What you should do
Each record listed below is to be output exactly as written.

The input
=== Section Start ===

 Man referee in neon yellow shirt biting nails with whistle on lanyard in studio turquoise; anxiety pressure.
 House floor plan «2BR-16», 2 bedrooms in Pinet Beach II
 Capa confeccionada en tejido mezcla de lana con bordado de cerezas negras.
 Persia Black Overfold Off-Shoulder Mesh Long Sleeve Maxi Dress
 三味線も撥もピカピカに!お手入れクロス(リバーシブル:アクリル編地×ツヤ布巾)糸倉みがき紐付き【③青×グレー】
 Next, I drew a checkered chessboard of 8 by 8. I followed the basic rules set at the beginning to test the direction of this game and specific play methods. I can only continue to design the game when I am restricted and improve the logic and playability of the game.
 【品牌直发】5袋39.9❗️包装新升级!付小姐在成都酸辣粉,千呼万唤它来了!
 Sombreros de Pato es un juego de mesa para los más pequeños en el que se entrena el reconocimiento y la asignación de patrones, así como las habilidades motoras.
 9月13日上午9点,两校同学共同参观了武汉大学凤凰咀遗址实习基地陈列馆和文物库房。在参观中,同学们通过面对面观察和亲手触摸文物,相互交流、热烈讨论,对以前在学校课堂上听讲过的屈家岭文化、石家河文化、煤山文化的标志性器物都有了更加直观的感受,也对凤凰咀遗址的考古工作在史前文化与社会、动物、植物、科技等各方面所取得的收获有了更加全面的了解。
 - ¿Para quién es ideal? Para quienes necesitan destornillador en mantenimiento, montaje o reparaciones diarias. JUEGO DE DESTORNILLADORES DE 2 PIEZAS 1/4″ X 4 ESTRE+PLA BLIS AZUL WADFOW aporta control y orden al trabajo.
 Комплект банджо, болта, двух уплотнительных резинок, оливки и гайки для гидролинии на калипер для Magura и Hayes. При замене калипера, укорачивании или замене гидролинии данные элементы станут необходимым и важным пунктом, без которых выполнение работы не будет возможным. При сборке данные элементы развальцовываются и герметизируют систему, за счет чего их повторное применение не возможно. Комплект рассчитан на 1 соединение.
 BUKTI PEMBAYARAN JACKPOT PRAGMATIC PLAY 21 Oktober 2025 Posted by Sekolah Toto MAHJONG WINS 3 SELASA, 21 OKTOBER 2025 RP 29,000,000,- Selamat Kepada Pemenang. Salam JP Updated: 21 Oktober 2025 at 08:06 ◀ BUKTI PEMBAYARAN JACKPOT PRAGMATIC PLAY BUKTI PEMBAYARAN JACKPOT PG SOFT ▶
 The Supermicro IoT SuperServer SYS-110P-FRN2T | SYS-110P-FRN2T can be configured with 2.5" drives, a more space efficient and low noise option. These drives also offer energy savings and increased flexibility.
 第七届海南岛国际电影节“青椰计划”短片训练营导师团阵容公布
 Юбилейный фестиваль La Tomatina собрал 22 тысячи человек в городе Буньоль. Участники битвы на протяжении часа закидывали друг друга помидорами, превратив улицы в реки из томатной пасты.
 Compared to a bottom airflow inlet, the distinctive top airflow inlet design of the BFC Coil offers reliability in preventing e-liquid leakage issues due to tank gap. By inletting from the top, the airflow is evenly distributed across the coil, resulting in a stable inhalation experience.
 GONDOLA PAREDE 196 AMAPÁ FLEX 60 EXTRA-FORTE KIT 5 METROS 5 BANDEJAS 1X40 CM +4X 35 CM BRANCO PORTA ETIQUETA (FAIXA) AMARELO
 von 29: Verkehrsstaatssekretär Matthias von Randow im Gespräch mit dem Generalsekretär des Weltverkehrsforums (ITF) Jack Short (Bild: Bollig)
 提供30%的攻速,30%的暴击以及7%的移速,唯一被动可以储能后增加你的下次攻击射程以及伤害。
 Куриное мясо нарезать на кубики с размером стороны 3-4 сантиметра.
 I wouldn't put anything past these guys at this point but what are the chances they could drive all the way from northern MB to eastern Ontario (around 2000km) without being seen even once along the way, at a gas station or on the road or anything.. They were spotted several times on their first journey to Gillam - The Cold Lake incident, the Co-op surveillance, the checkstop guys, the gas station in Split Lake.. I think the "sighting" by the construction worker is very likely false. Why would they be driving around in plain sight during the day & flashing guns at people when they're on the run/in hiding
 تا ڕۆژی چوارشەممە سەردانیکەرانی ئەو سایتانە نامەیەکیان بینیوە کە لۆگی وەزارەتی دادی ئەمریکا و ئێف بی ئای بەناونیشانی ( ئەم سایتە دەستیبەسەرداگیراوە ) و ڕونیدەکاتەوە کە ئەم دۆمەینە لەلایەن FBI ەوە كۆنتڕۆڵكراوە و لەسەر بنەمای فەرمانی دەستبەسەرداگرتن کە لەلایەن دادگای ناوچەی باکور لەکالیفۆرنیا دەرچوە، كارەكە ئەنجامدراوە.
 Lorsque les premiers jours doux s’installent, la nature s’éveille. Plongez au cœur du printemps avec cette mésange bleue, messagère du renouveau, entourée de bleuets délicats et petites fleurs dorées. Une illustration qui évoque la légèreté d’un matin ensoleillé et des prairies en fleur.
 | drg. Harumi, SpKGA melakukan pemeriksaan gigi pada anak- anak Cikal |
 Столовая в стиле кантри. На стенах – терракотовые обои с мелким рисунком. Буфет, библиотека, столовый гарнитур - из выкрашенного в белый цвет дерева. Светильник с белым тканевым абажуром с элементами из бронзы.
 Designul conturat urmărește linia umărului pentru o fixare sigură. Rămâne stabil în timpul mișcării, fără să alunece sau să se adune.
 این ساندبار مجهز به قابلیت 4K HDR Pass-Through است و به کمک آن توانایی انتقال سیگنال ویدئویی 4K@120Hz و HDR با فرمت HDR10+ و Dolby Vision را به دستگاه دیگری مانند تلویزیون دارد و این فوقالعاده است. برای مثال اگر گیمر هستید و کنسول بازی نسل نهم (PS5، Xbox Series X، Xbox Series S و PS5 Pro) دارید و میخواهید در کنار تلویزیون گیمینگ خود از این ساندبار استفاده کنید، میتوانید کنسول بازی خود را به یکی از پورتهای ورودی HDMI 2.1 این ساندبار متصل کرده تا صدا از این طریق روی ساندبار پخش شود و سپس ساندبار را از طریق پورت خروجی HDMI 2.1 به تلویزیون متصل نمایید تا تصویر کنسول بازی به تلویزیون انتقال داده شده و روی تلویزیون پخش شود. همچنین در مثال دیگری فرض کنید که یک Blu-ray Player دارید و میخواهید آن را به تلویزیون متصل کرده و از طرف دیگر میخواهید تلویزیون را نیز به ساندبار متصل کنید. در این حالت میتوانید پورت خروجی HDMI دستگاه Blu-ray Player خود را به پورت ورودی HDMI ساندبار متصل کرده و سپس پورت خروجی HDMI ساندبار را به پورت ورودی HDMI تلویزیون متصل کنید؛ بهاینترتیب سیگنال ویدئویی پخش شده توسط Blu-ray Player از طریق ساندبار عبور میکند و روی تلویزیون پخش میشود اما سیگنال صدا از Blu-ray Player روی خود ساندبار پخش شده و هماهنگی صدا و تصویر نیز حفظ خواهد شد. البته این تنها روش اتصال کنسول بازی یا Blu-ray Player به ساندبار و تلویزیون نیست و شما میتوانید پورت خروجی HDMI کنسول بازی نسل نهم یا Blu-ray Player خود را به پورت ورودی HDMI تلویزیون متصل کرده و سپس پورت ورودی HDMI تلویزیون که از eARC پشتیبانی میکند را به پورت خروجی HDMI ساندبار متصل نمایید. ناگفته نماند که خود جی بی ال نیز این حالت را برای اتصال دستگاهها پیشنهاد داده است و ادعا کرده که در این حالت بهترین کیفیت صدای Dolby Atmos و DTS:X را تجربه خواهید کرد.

=== Section End ===

Exercise response
 Man referee in neon yellow shirt biting nails with whistle on lanyard in studio turquoise; anxiety pressure.
 House floor plan «2BR-16», 2 bedrooms in Pinet Beach II
 Capa confeccionada en tejido mezcla de lana con bordado de cerezas negras.
 Persia Black Overfold Off-Shoulder Mesh Long Sleeve Maxi Dress
 三味線も撥もピカピカに!お手入れクロス(リバーシブル:アクリル編地×ツヤ布巾)糸倉みがき紐付き【③青×グレー】
 Next, I drew a checkered chessboard of 8 by 8. I followed the basic rules set at the beginning to test the direction of this game and specific play methods. I can only continue to design the game when I am restricted and improve the logic and playability of the game.
 【品牌直发】5袋39.9❗️包装新升级!付小姐在成都酸辣粉,千呼万唤它来了!
 Sombreros de Pato es un juego de mesa para los más pequeños en el que se entrena el reconocimiento y la asignación de patrones, así como las habilidades motoras.
 9月13日上午9点,两校同学共同参观了武汉大学凤凰咀遗址实习基地陈列馆和文物库房。在参观中,同学们通过面对面观察和亲手触摸文物,相互交流、热烈讨论,对以前在学校课堂上听讲过的屈家岭文化、石家河文化、煤山文化的标志性器物都有了更加直观的感受,也对凤凰咀遗址的考古工作在史前文化与社会、动物、植物、科技等各方面所取得的收获有了更加全面的了解。
 - ¿Para quién es ideal? Para quienes necesitan destornillador en mantenimiento, montaje o reparaciones diarias. JUEGO DE DESTORNILLADORES DE 2 PIEZAS 1/4″ X 4 ESTRE+PLA BLIS AZUL WADFOW aporta control y orden al trabajo.
 Комплект банджо, болта, двух уплотнительных резинок, оливки и гайки для гидролинии на калипер для Magura и Hayes. При замене калипера, укорачивании или замене гидролинии данные элементы станут необходимым и важным пунктом, без которых выполнение работы не будет возможным. При сборке данные элементы развальцовываются и герметизируют систему, за счет чего их повторное применение не возможно. Комплект рассчитан на 1 соединение.
 BUKTI PEMBAYARAN JACKPOT PRAGMATIC PLAY 21 Oktober 2025 Posted by Sekolah Toto MAHJONG WINS 3 SELASA, 21 OKTOBER 2025 RP 29,000,000,- Selamat Kepada Pemenang. Salam JP Updated: 21 Oktober 2025 at 08:06 ◀ BUKTI PEMBAYARAN JACKPOT PRAGMATIC PLAY BUKTI PEMBAYARAN JACKPOT PG SOFT ▶
 The Supermicro IoT SuperServer SYS-110P-FRN2T | SYS-110P-FRN2T can be configured with 2.5" drives, a more space efficient and low noise option. These drives also offer energy savings and increased flexibility.
 第七届海南岛国际电影节“青椰计划”短片训练营导师团阵容公布
 Юбилейный фестиваль La Tomatina собрал 22 тысячи человек в городе Буньоль. Участники битвы на протяжении часа закидывали друг друга помидорами, превратив улицы в реки из томатной пасты.
 Compared to a bottom airflow inlet, the distinctive top airflow inlet design of the BFC Coil offers reliability in preventing e-liquid leakage issues due to tank gap. By inletting from the top, the airflow is evenly distributed across the coil, resulting in a stable inhalation experience.
 GONDOLA PAREDE 196 AMAPÁ FLEX 60 EXTRA-FORTE KIT 5 METROS 5 BANDEJAS 1X40 CM +4X 35 CM BRANCO PORTA ETIQUETA (FAIXA) AMARELO
 von 29: Verkehrsstaatssekretär Matthias von Randow im Gespräch mit dem Generalsekretär des Weltverkehrsforums (ITF) Jack Short (Bild: Bollig)
 提供30%的攻速,30%的暴击以及7%的移速,唯一被动可以储能后增加你的下次攻击射程以及伤害。
 Куриное мясо нарезать на кубики с размером стороны 3-4 сантиметра.
 I wouldn't put anything past these guys at this point but what are the chances they could drive all the way from northern MB to eastern Ontario (around 2000km) without being seen even once along the way, at a gas station or on the road or anything.. They were spotted several times on their first journey to Gillam - The Cold Lake incident, the Co-op surveillance, the checkstop guys, the gas station in Split Lake.. I think the "sighting" by the construction worker is very likely false. Why would they be driving around in plain sight during the day & flashing guns at people when they're on the run/in hiding
 تا ڕۆژی چوارشەممە سەردانیکەرانی ئەو سایتانە نامەیەکیان بینیوە کە لۆگی وەزارەتی دادی ئەمریکا و ئێف بی ئای بەناونیشانی ( ئەم سایتە دەستیبەسەرداگیراوە ) و ڕونیدەکاتەوە کە ئەم دۆمەینە لەلایەن FBI ەوە كۆنتڕۆڵكراوە و لەسەر بنەمای فەرمانی دەستبەسەرداگرتن کە لەلایەن دادگای ناوچەی باکور لەکالیفۆرنیا دەرچوە، كارەكە ئەنجامدراوە.
 Lorsque les premiers jours doux s’installent, la nature s’éveille. Plongez au cœur du printemps avec cette mésange bleue, messagère du renouveau, entourée de bleuets délicats et petites fleurs dorées. Une illustration qui évoque la légèreté d’un matin ensoleillé et des prairies en fleur.
 | drg. Harumi, SpKGA melakukan pemeriksaan gigi pada anak- anak Cikal |
 Столовая в стиле кантри. На стенах – терракотовые обои с мелким рисунком. Буфет, библиотека, столовый гарнитур - из выкрашенного в белый цвет дерева. Светильник с белым тканевым абажуром с элементами из бронзы.
 Designul conturat urmărește linia umărului pentru o fixare sigură. Rămâne stabil în timpul mișcării, fără să alunece sau să se adune.
 این ساندبار مجهز به قابلیت 4K HDR Pass-Through است و به کمک آن توانایی انتقال سیگنال ویدئویی 4K@120Hz و HDR با فرمت HDR10+ و Dolby Vision را به دستگاه دیگری مانند تلویزیون دارد و این فوقالعاده است. برای مثال اگر گیمر هستید و کنسول بازی نسل نهم (PS5، Xbox Series X، Xbox Series S و PS5 Pro) دارید و میخواهید در کنار تلویزیون گیمینگ خود از این ساندبار استفاده کنید، میتوانید کنسول بازی خود را به یکی از پورتهای ورودی HDMI 2.1 این ساندبار متصل کرده تا صدا از این طریق روی ساندبار پخش شود و سپس ساندبار را از طریق پورت خروجی HDMI 2.1 به تلویزیون متصل نمایید تا تصویر کنسول بازی به تلویزیون انتقال داده شده و روی تلویزیون پخش شود. همچنین در مثال دیگری فرض کنید که یک Blu-ray Player دارید و میخواهید آن را به تلویزیون متصل کرده و از طرف دیگر میخواهید تلویزیون را نیز به ساندبار متصل کنید. در این حالت میتوانید پورت خروجی HDMI دستگاه Blu-ray Player خود را به پورت ورودی HDMI ساندبار متصل کرده و سپس پورت خروجی HDMI ساندبار را به پورت ورودی HDMI تلویزیون متصل کنید؛ بهاینترتیب سیگنال ویدئویی پخش شده توسط Blu-ray Player از طریق ساندبار عبور میکند و روی تلویزیون پخش میشود اما سیگنال صدا از Blu-ray Player روی خود ساندبار پخش شده و هماهنگی صدا و تصویر نیز حفظ خواهد شد. البته این تنها روش اتصال کنسول بازی یا Blu-ray Player به ساندبار و تلویزیون نیست و شما میتوانید پورت خروجی HDMI کنسول بازی نسل نهم یا Blu-ray Player خود را به پورت ورودی HDMI تلویزیون متصل کرده و سپس پورت ورودی HDMI تلویزیون که از eARC پشتیبانی میکند را به پورت خروجی HDMI ساندبار متصل نمایید. ناگفته نماند که خود جی بی ال نیز این حالت را برای اتصال دستگاهها پیشنهاد داده است و ادعا کرده که در این حالت بهترین کیفیت صدای Dolby Atmos و DTS:X را تجربه خواهید کرد.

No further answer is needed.